Urbanism After Extraction

Reclaiming Europe’s Coal Towns: Housing, Landscape, and Infrastructure in the Silesia Region, Poland

As part of the Upper Silesian Coal Basin, Katowice grew through much of the twentieth century with the development of the coal mining industry. Poland had become a world leader in coal production until its transition to a service economy and the restructuring of the industry in the 1990’s, which has led to phases of population decline and unemployment in many cities across the Katowice metropolitan area. While Poland’s economy continues to grow as a whole and Katowice has been establishing new cultural, educational and employment opportunities, there remains affected areas in the region that still face serious environmental degradation including subsidence, landfill, and water contamination.

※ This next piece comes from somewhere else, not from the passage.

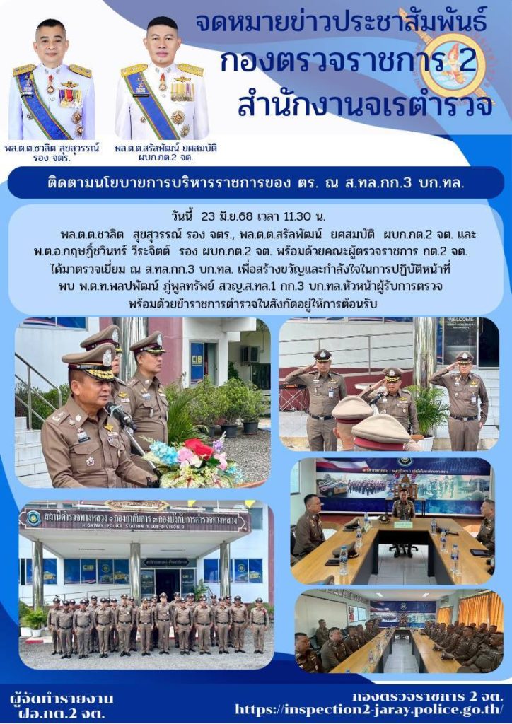ติดตามนโยบายการบริหารราชการของ ตร. ณ ส.ทล.กก.3.บก.ทล 23 มิถุนายน 2568 โดย admin / ข่าวประชาสัมพันธ์,ข่าวกิจกรรม,ข่าวประชาสัมพันธ์,ข่าวภารกิจผู้บังคับบัญชา Facebook iconFacebookTwitter iconTwitterLINE iconLine
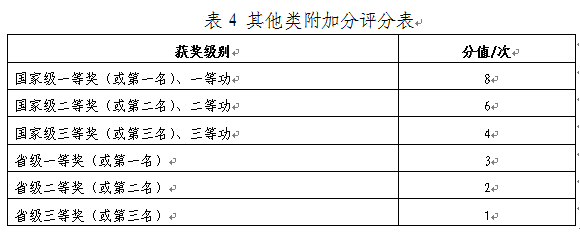 4、取得显著成绩的学校团委和学校学生会主要成员计2分;担任学院团委、学生会部长级以上干部一届以上的计1分,其他学生干部(含班干部)计0.5分。本项加分不累加,就高不就低。

Despite the general decline in the industry, increased operational costs in old and deep mines, and an aging power plant infrastructure, Poland continues to be heavily reliant on coal to meet their current energy demands. As the European Union and much of the world sets targets for transitioning to renewable energy, Poland and the Katowice urban area in particular are faced with a twofold challenge: how to reclaim a highly degraded post-coal landscape for the future, and how to transition to a new energy paradigm. This urban design studio will address both the environmental and social aspects of this problem. The studio will challenge students to seek a comprehensive approach that calls to combine design and landscape strategies with processes of legislation, zoning, financing, and investment structures. Focusing on selected sites and recurring urban conditions within Katowice, the following questions will be asked – can the reclaiming of this post coal- mined landscape be combined with new urban development practices in a way that one supports the other? Can we imagine strategies for environmental reclamation and landscape cultivation that carry ambitions for social reconstruction? Can new models of housing, such as citizen led collaborative developments, take an active role in this project? Can we envision new models for integrating public environmental cleanup efforts, with market driven projects (housing and commercial spaces)?

This was the focus of the spring 2017 joint urban design studio, supported by the MIT Norman B. Leventhal Center for Advanced Urbanism, and co-taught by Rafi Segal and Marie Law Adams.